# Batteries and Plow Trucks



## 2dogs2 (Aug 25, 2007)

I have a 89 Full size blazer on my farm that is used 98% of the time solely for plowing snow. Just curious how many people 

1. Either leave the battery connected all the time

2. Disconnect the battery after use.

3. Put a battery kill switch inline.

4. Put a continuous voltage solenoid inline.


----------



## fruitcakesa (Jan 29, 2009)

My old GMC plow truck sat so long between jobs the bat would go flat.
Disconnected it stayed charged all year


----------



## carkey351 (Oct 18, 2010)

especially on the older trucks/cars I always have a disconnect switch...saves having to jump them all the time.


----------



## Dr Who (Dec 16, 2010)

My plow truck is my only truck (for now) 

But on vehicales that I do not drive often, I just pull the hot cable off the battery and they are good to go. I just start them up once every week or two, move them around, mow under them ect....


----------



## acornish (Dec 21, 2003)

i use a disconect and batt. tender on my hot rod


----------



## mercer_me (Sep 13, 2008)

Unless you have somthing draining your battery you should be fine.


----------



## saabman (Sep 20, 2007)

I run dual batteries, and I leave them connected all the time


----------



## got-h2o (Sep 26, 2008)

mercer_me;1199641 said:


> Unless you have somthing draining your battery you should be fine.
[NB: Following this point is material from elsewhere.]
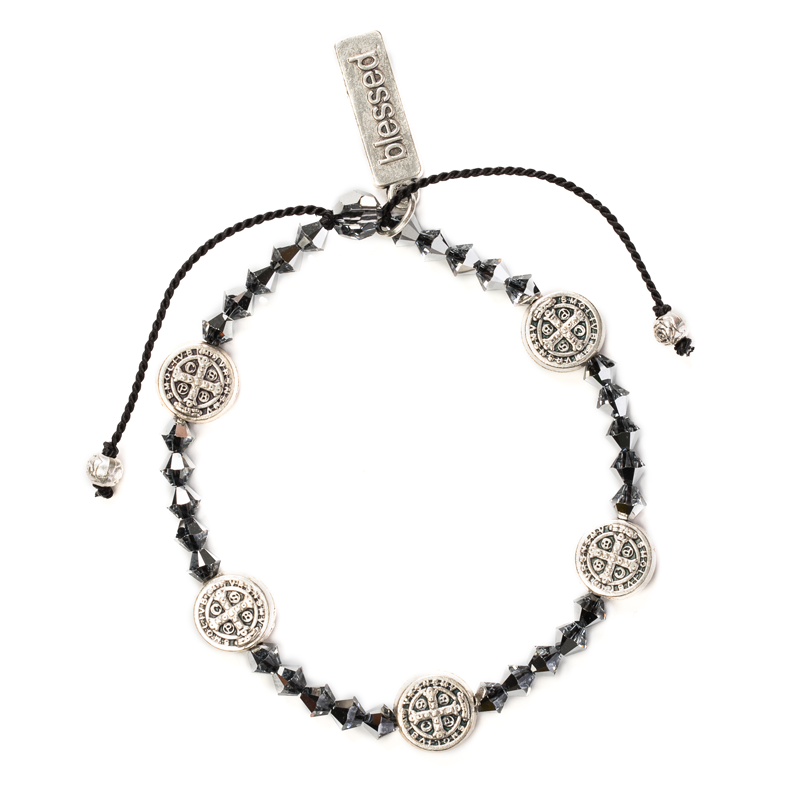 Stellar Blessings Iridescent In the radiant light of the sun and the glow of the moon, an iridescent reflection is formed on the ocean’s surface, creating a path into the horizon. Wear this bracelet as a reminder to allow this path to guide your gaze far beyond the horizon, giving you a faith-filled glimpse of the vastness of God’s love. Light Chrome Swarovski beads, five 1 cm silver dipped Benedictine medals, silver dipped “blessed” tag. This bracelet comes on cording with a sliding slipknot for an easy fit. 9" when fully opened. Stellar Blessings Iridescent comes in a box with an inspirational card.
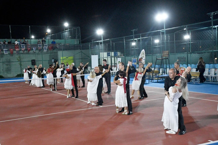 Gecede Kuşadası Kent Konseyi Cumhuriyet Sevdalıları Grubu, Atatürk’ün izinde hazırladıkları vals ve zeybek gösterileriyle sahne aldı. Cumhuriyet’in ruhunu en zarif biçimde yansıtan bu performans, izleyenlere unutulmaz anlar yaşattı. Ardından kortlara meşaleler eşliğinde çıkan tenisçiler, Cumhuriyet meşalesini simgeleyen görkemli bir kortej oluşturdu.

Exactly what I was going to say. Unless something is drawint voltage, a battery will last charged a VERY long time. If it's draining, fix the problem rather than giving yourself more work.


----------



## mayhem (Aug 25, 2006)

Hook it up in Oct so you can fire the truckup and test it with enough warm weather to fix anything broken, diconnect bat aftert ax day when the snow is done.


----------



## dave_dj1 (Nov 2, 2010)

The problem with those year GM vehicles is the computer draws a little juice all the time, in about three days your battery will be dead. Disconnect the hot lead or go with a disconnect switch. 
I had a jeep with a plow (91 wrangler, 6 cyl fi) that would sit for weeks at a time with the battery connected and I never once had to jump it. I have a 79 f150 now that sits for weeks with battery connected and I haven't had to jump it either.


----------



## metalmeltr (Jan 20, 2009)

ALL vehicles with electronic components have small parastatic loads, they draw but a few milliamps and can and will drain the battery over time, a disconect switch and a float charger is the beast way to combat dead batteries on vehicles that are stored for long periods of time.


----------



## garandman (Jan 13, 2011)

Lead-acid batteries have an internal rate of discharge even if unconnected. 

That's why battery tenders exist, and why a lot of classic car owners and others with vehicles infrequently operated have gone to AGM batteries, which are more expensive but have a lower rate of internal discharge. 

If you hunt around you can find the Battery Tender Jr on sale for as little as $20. They come with alligator clips or a quick disconnect. I use two of them for our boat batteries and two for motorcycle batteries.


----------



## swtiih (Nov 30, 2008)

try a solar charger


----------



## Dakota Dave (Mar 3, 2010)

I leave the batteries connected in everything. When I've had a one that drains down I find out why and fix it. It takes a long time for the computer to drain a good battery. The worst was my suburban it would intermintaly drain down. was one of the rear Seat DVD players staying on in standby.


----------



## got-h2o (Sep 26, 2008)

Dakota Dave;1206345 said:


> I leave the batteries connected in everything. When I've had a one that drains down I find out why and fix it. It takes a long time for the computer to drain a good battery. The worst was my suburban it would intermintaly drain down. was one of the rear Seat DVD players staying on in standby.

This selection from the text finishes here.